Would the dissolved air tend to cause a fuzzy image? We used
de-ionised water partly because that has a higher specific impedance
than tapwater (Amazingly they are actually 3 orders of magnitude apart)
On using MRI scanners alone for diagnostic purposes, perhaps the
larger scanners more commonly available now would make it possible to
measure water emptying rates. Some lack of accuracy would be involved
in converting 2D images in several planes to a 3D volume, but I guess
that consistent technique would cancel out errors in before-and-after
tests at least.
One thing surprised me when we first tried ultrasound. There is only
the paper-thin diaphragm between the heart and the stomach so every
time the heart beat it sort-of bounced on top of the diaphragm and
caused a shiver to pass all the way down the gastric contents. I
thought that the body was a very clever design as it used a side
effect of the cardiac contractions to help mix the gastric contents!

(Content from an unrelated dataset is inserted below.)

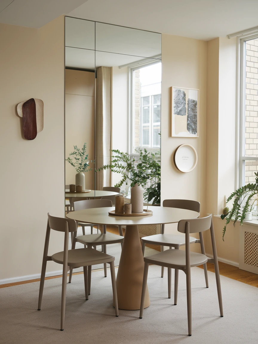 Small dining spaces can feel inviting and functional with the right design. Opt for a round dining table to save space, and choose slim-profile chairs. Add mirrors to reflect light and create an illusion of more space. Light colors and minimal decor help keep the room feeling open and cozy.

I presume that this would not affect an MRI scan unduly.
A supine posture would retard emptying somewhat, possibly doubling
emptying t50s compared with a 45 degree upright posture but it is not
a significant problem. We have used it when comparing epigastric
impedance with scintigraphy without problems.

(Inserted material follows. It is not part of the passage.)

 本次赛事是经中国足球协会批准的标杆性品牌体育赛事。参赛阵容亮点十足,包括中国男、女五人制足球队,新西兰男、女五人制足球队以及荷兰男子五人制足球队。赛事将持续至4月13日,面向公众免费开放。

However, MRI scanners defeat the object of my approach, which was to
produce the gastric equivalent of an ECG (EKG is the US)in that it
would be inexpensive, totally non-invasive and could be run almost
anywhere by staff with only a few days' training. That's partly
because so many gastric problems present in primary care...non-ulcer
dyspepsia being the commonest. NUD concerns me because it is very
common and it presents a clinical conundrum precisely because we have
no objective measurement to aid diagnosis and to detect which
treatments and doses are actually working. Currently we have to rely
on vague and fluctuant symptoms of nausea, bloating and appetite loss
and that is very unsatisfactory in my view.